Although pictures appear in the data, the answer should contain only the lines from its start through the line with "以上展会来源于官方和网络,活", written out exactly.
[[ DATASET EXTRACT open ]]
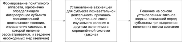 Алгоритм рис. 1 представлен в виде фреймовой схемы каркаса (фрейма [10]), который может быть применён в неизменном виде к любой единице познавательной деятельности. Содержательная сущность структуры познавательной деятельности выявляется в «свёртке» алгоритма рис. 1 до блочного представления «язык» «закон» «задача», описанного в работах [30, 33].
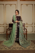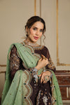 This elegant look combines a pure khadi net shirt, a raw silk trouser and a zari net dupatta, embellished with traditional kamdaani, mukesh, kora, and dabka work. It's styled in a rich brown shirt with a soft sage green shawl for a luxurious vintage feel.
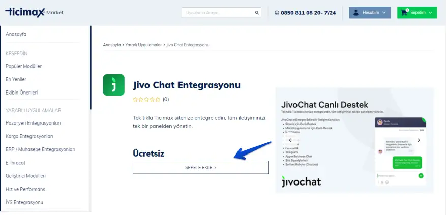 3. JivoChat entegrasyonuna erişin ve Ticimax hesabınıza ekleyin
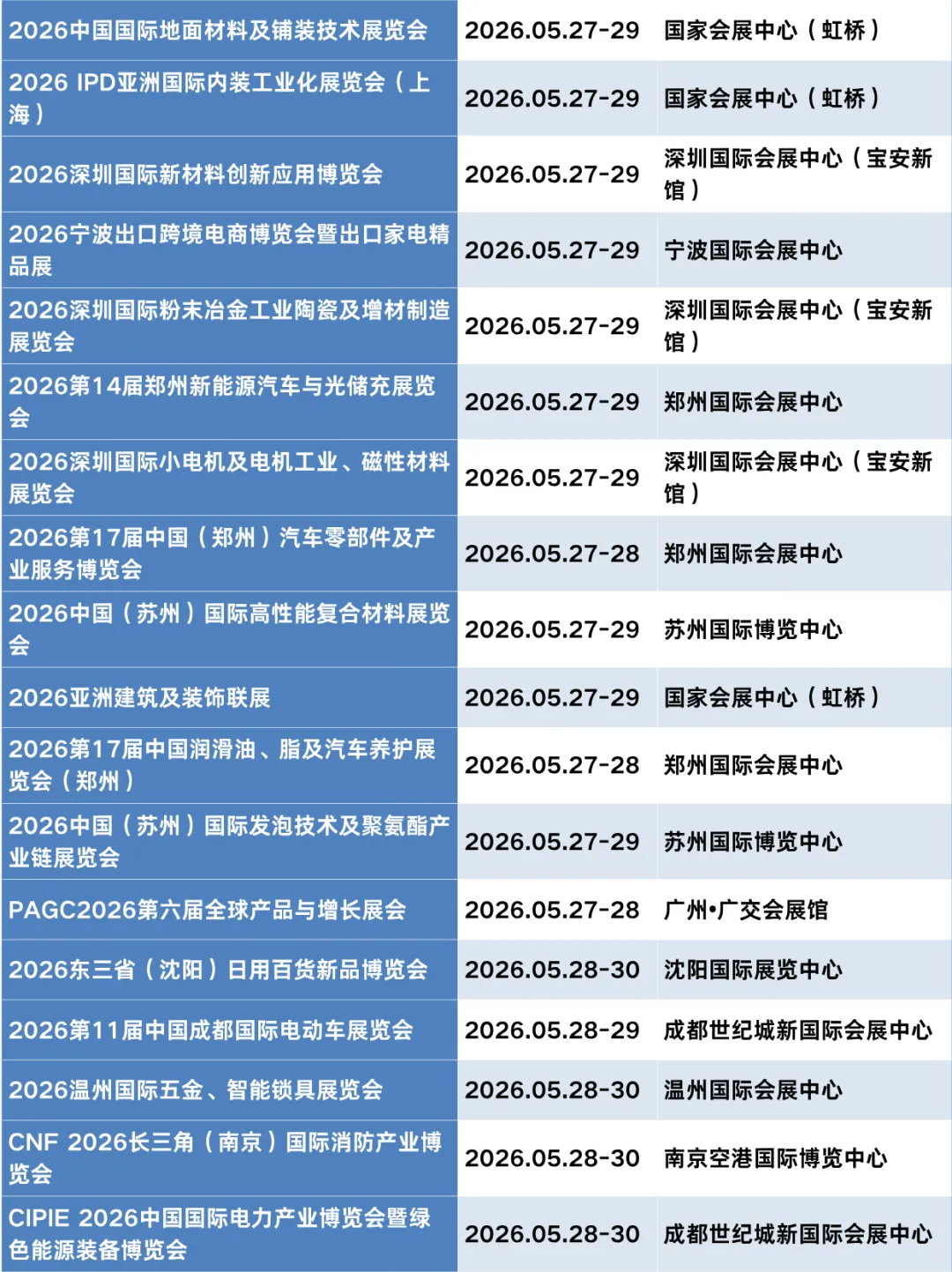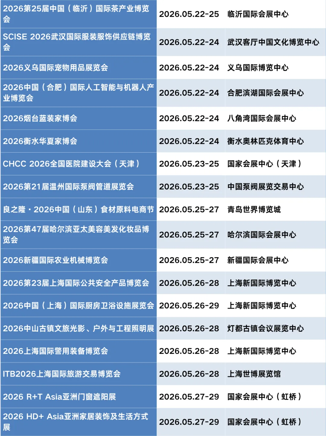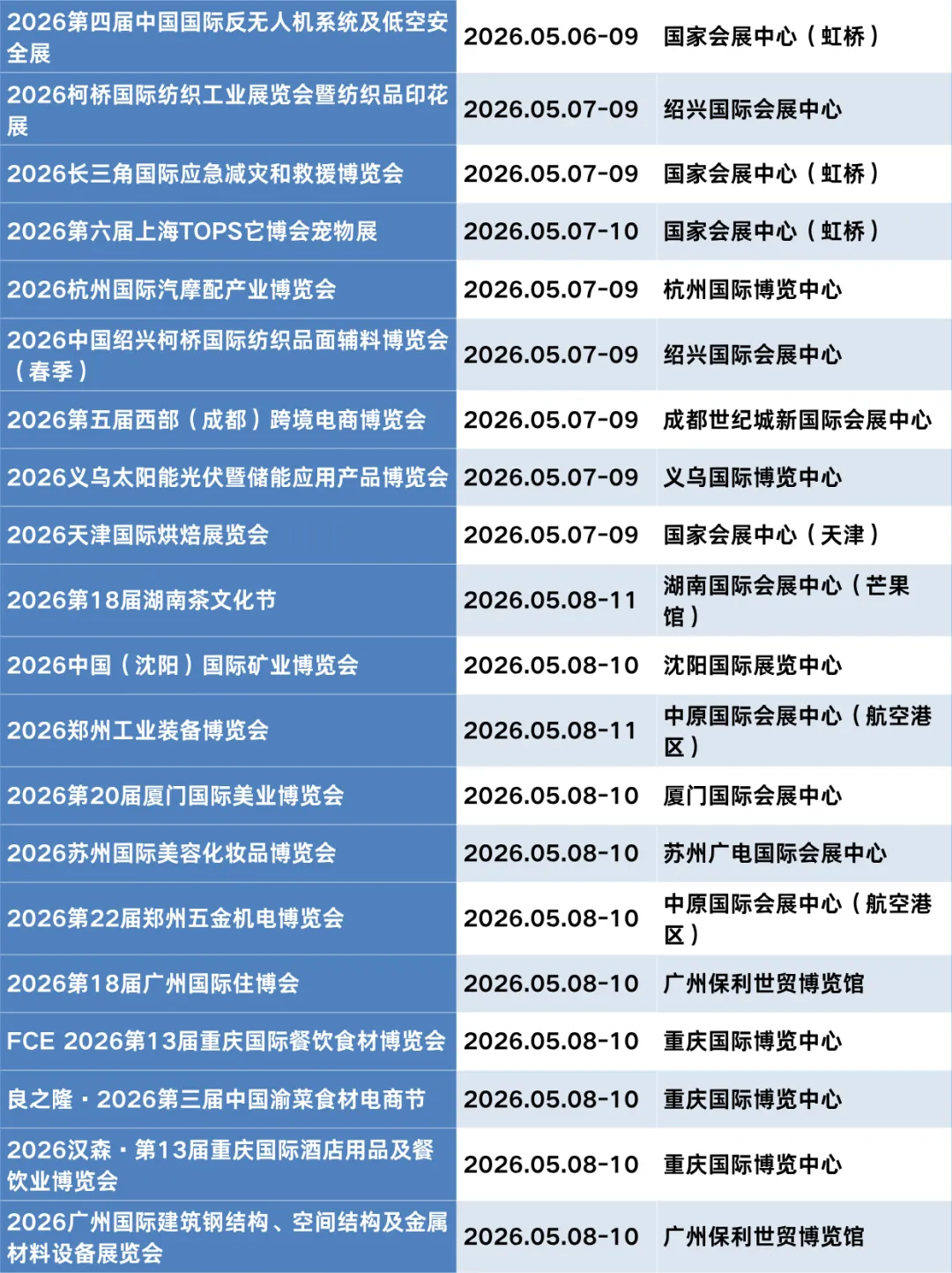 以上展会来源于官方和网络,活动内容真实有效,有需要看展的小伙伴,可以通过关注公众号报名观展,展会举办时间和地点具有一定变更风险,请以收到的电子门票凭证为准,平台也将为预订门票的用户提供电话、短信通知提醒,避免用户出行损失。
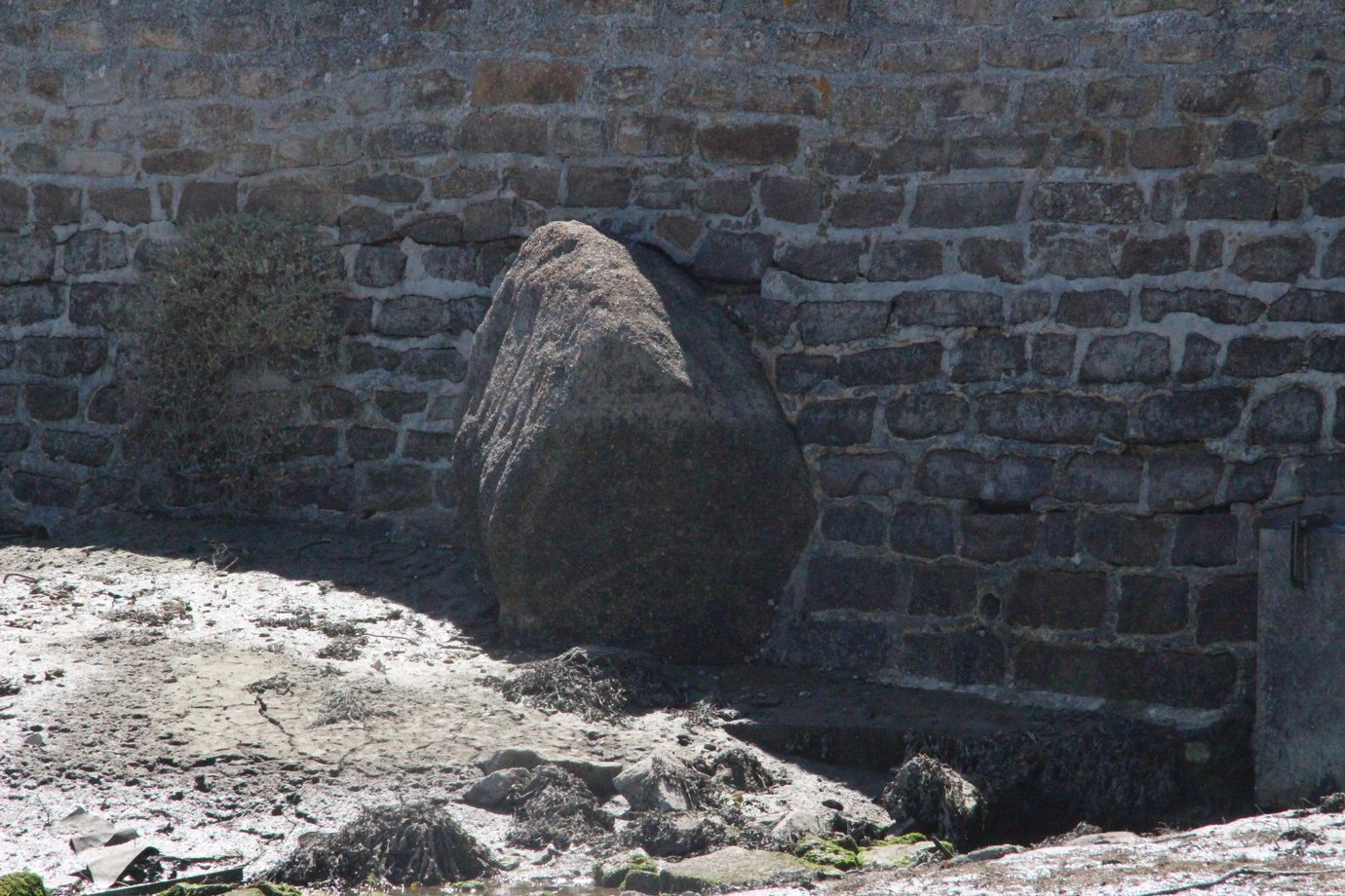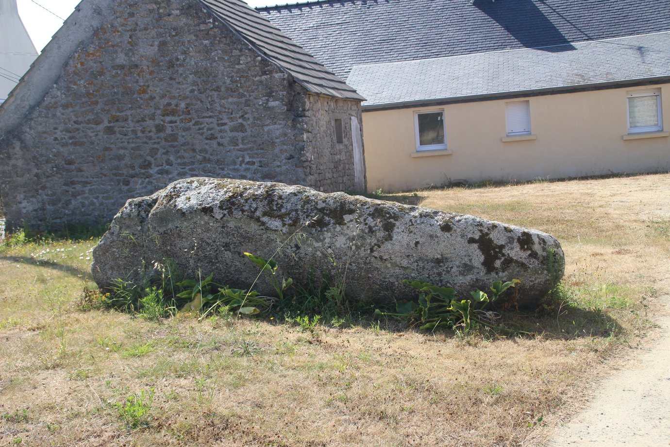 Appelé aussi menhir de Steir Nibilic. Au début du XXe siècle, le menhir de Men Rouz était baigné par la mer et à marée haute ne dépassait que de 0,50 m au-dessus de l´eau. Le commandant Devoir estimait sa hauteur totale à 6,50 m. Il fut momentanément enfoui dans des remblais dans les années 1960, tout comme quelque temps auparavant pour la zone marécageuse à proximité, devenue parking. En 1979, il fut décidé de réduire le comblement du Ster-Nibilig. D´après Jean Folgoas, maire à ce moment-là, lorsque la pelleteuse toucha le menhir, un archéologue fut dépêché sur place, et, après examen de diverses solutions, fut retenu ce que nous voyons aujourd´hui ; le menhir est désormais encastré dans le mur de la digue de l´anse de Steir-Nibilic. (source : Wikipédia). Appellation : Menhir Men Rouz. [andré47 2025]
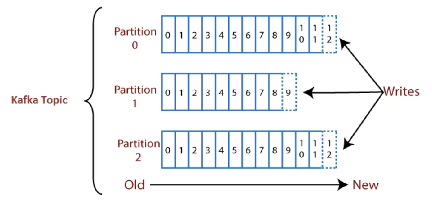 아래 그림을 보면 토픽에 대한 파티션이 3개가 있고, 메시지는 각 파티션별로 분산되어 저장된다. (그림에서 숫자는 오프셋 위치이다.)
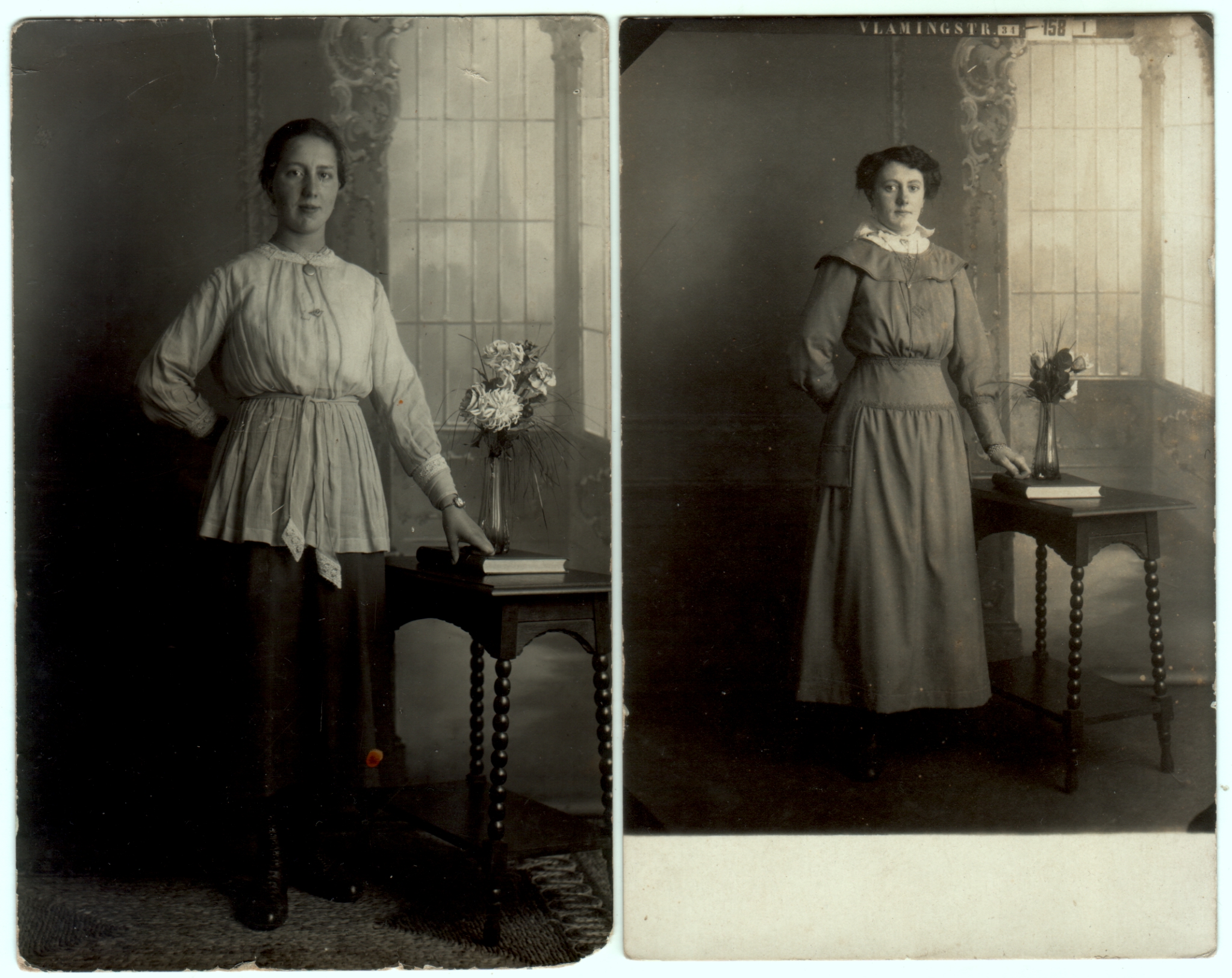 Here is another example of two different people who obviously went to the same photographer to get their portraits done.  (They were sold to me together, among a batch of others from the Netherlands, but I don’t know whether they are related in some way, or if it’s just a coincidence.)  The setting is the same, and the pose is the same.   Interestingly, though, I looked at these photos multiple times before I recognized the connection.  I suppose it’s the way they are framed differently that threw me off at first.  Perhaps also because the women’s outfits look so different.
[[ DATASET EXTRACT closed ]]
**ANSWER TO THE PROBLEM**
 Алгоритм рис. 1 представлен в виде фреймовой схемы каркаса (фрейма [10]), который может быть применён в неизменном виде к любой единице познавательной деятельности. Содержательная сущность структуры познавательной деятельности выявляется в «свёртке» алгоритма рис. 1 до блочного представления «язык» «закон» «задача», описанного в работах [30, 33].
 This elegant look combines a pure khadi net shirt, a raw silk trouser and a zari net dupatta, embellished with traditional kamdaani, mukesh, kora, and dabka work. It's styled in a rich brown shirt with a soft sage green shawl for a luxurious vintage feel.
 3. JivoChat entegrasyonuna erişin ve Ticimax hesabınıza ekleyin
 以上展会来源于官方和网络,活动内容真实有效,有需要看展的小伙伴,可以通过关注公众号报名观展,展会举办时间和地点具有一定变更风险,请以收到的电子门票凭证为准,平台也将为预订门票的用户提供电话、短信通知提醒,避免用户出行损失。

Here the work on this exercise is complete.